The arguments, made before Ontario appeal court justice Richard Schneider in the ornate former council chamber at Old City Hall, were meant to buttress motions from the mayor and Mr. LiPreti asking for an entirely new hearing on the question of whether a forensic auditor should review their election finances.

A decision is expected in mid February.

"[The compliance audit]committee did a lousy job," said Melvyn Solmon, lawyer for Mr. LiPreti, adding that the provisions in the Municipal Elections Act are "a mess." At the end of the hearing, however, Thomas Barlow, Mr. Ford's lawyer, appeared to back away from those remarks. "I think they made the wrong decision."

Adam Chaleff-Freudenthaler, a Toronto resident who applied for both compliance audits, said Mr. Solmon and Mr. Barlow should apologize to the three members of the committee, who have years of experience with Ontario Municipal Board cases, corporate law and elections administration. "If these guys aren't experts in their field, I don't know who is."

The six-hour hearing represented the latest instalment in what has become a long-running and increasingly expensive legal drama for the mayor. In the wake of an investigation by The Globe and Mail last spring, Mr. Chaleff-Freudenthaler and Max Reed submitted a request for a compliance audit, alleging, among other things, that Mr. Ford's campaign had accepted a loan from a family holding company in contravention of both provincial election laws and City of Toronto policy.

While the mayor has always insisted that his campaign abided by all the relevant rules, Mr. Ford's lawyers have fought the compliance audit order ever since. They spent Thursday asking Judge Schneider to set aside that May, 2011, decision so the appeal court could preside over an entirely new hearing, complete with additional evidence and witnesses.

In court, teams of lawyers for both sides, as well as three city solicitors, batted around dense legal arguments about whether the compliance audit committee had rushed to judgment, and how the appeal should proceed, if it had.

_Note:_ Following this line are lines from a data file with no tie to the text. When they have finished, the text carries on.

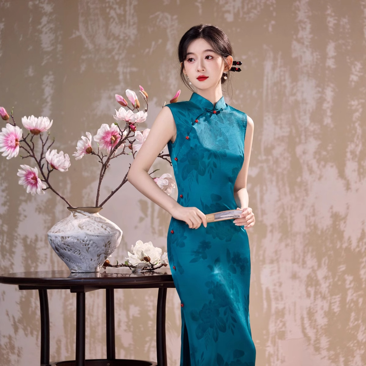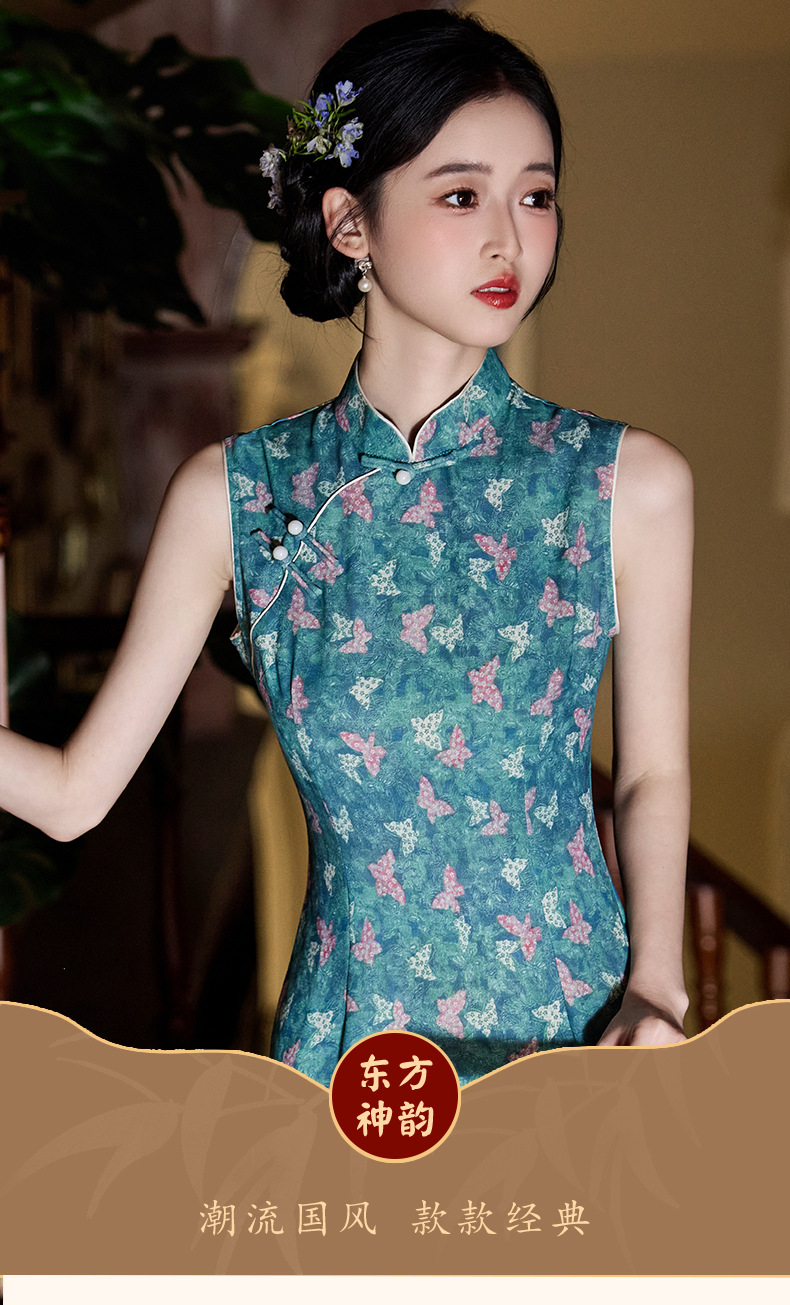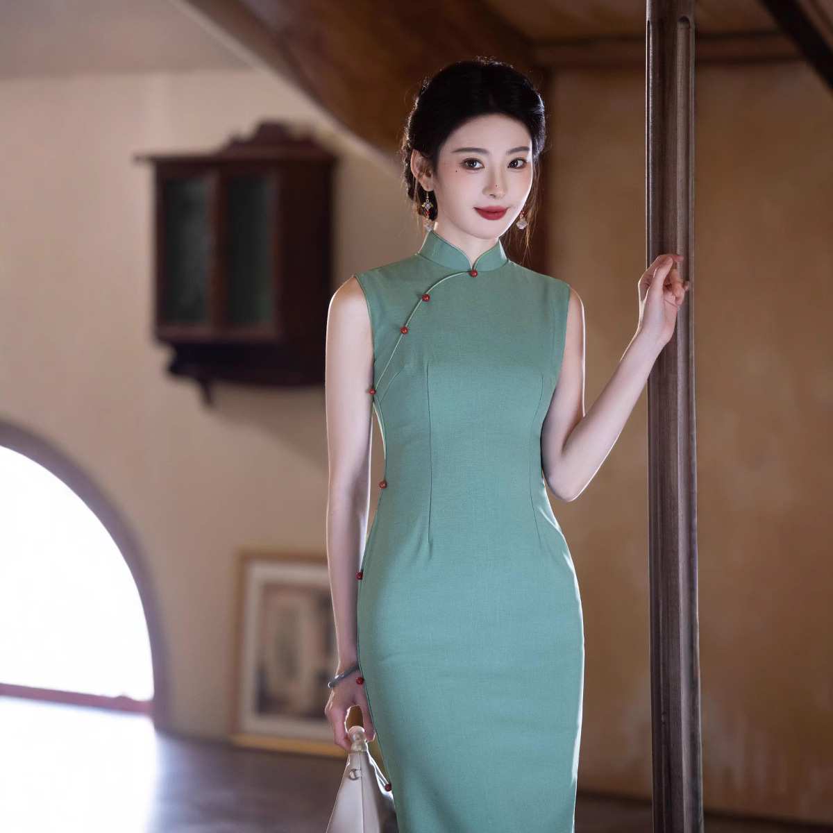 2025春夏新作チャイナドレス若手グリーンスリムノースリーブチャイナドレス新中国式高級気質優雅チャイナドレス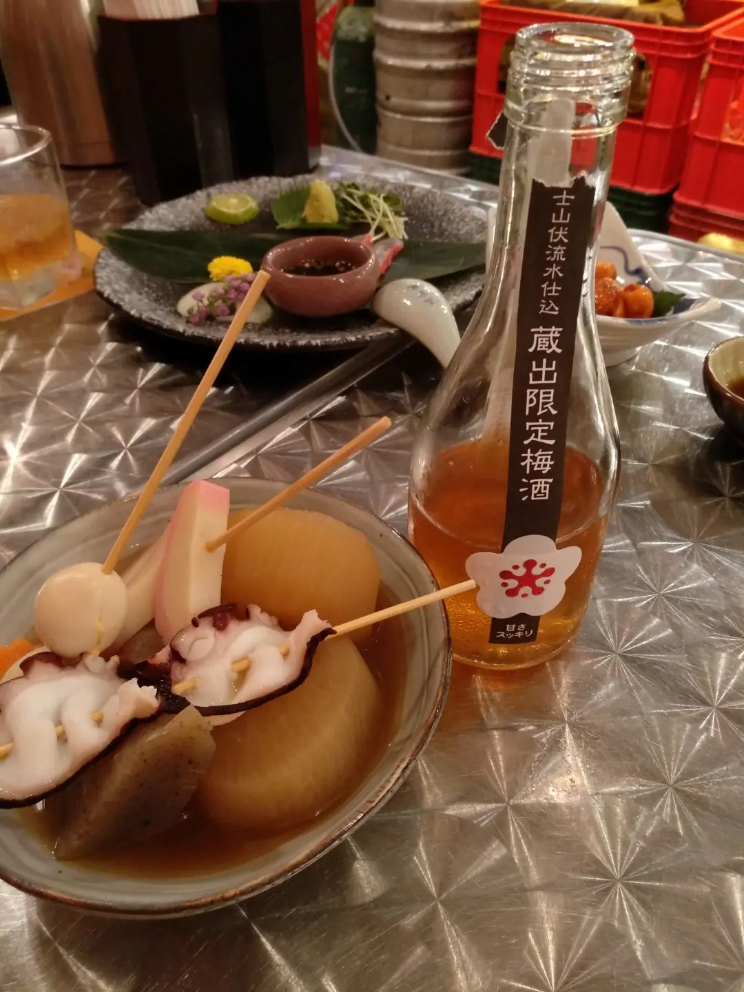 熱葷關東煮: 大根, 黑蒟篛, 八爪魚, 鵪春蛋及板魚旦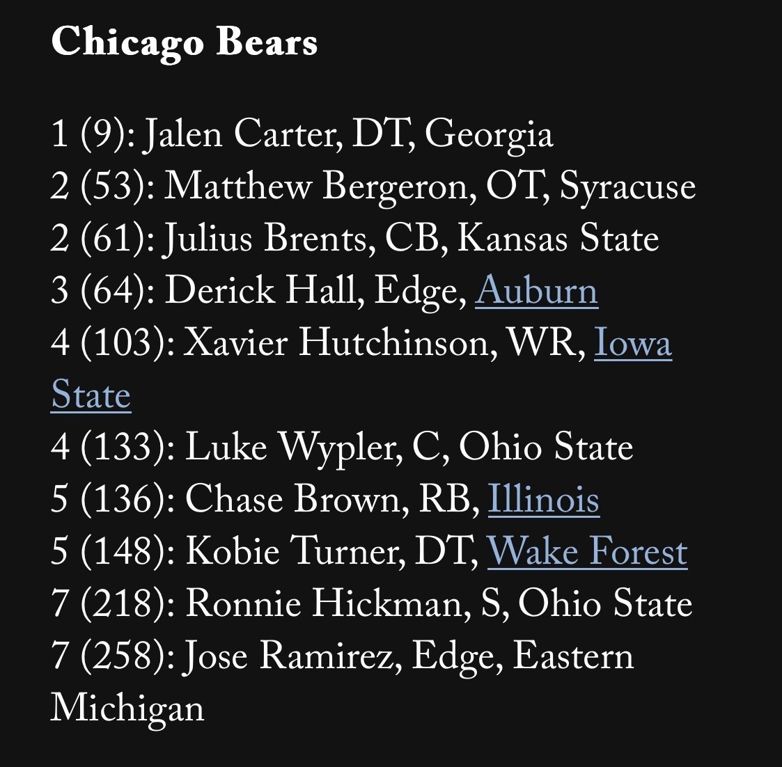 Carter is a big swing at 9.  Knowing next to nothing about everyone else except Chase Brown, I think that would be an acceptable draft.  Looks to add on OL and DL, decent look at a CB and WR, a RB who can produce...

Mr. Barlow, a veteran municipal law expert, argued that the committee ordered a forensic audit months before Mr. Ford had formally closed his campaign's books, and pointed out that supplementary financial filings would answer the questions raised by the original audit request.

But Robert Centa, who represents Mr. Chaleff-Freudenthaler and Mr. Reed, cited Supreme Court rulings and other statutes to argue against a new hearing, telling Judge Schneider that such "de novo" trials are only warranted when the legislation explicitly says so.

"The [Municipal Elections Act]has created a committee to discharge this important function," added Mr. Centa, who served as associate counsel to the inquiry into the Toronto computer leasing scandal a decade ago. "The City of Toronto to its credit sought out and appointed highly regarded experts who have agreed to serve."

Lawyers for the two politicians spent much of the day casting doubt on whether the compliance audit provisions in the elections act provide enough clarity for appeals courts to properly adjudicate disputes such as this one. But in a scrum with reporters after the hearing, Mr. Barlow demurred when asked if provincial legislators need to rewrite the law, which was updated only two years ago.

While Thursday's proceedings mainly dealt with legal issues, politics did creep into the hearing, as Mr. Barlow drew the court's attention to the cost to taxpayers of a full audit of the mayor's election finances. "This is a very important case," he said during the rebuttal period. "The consequences are significant."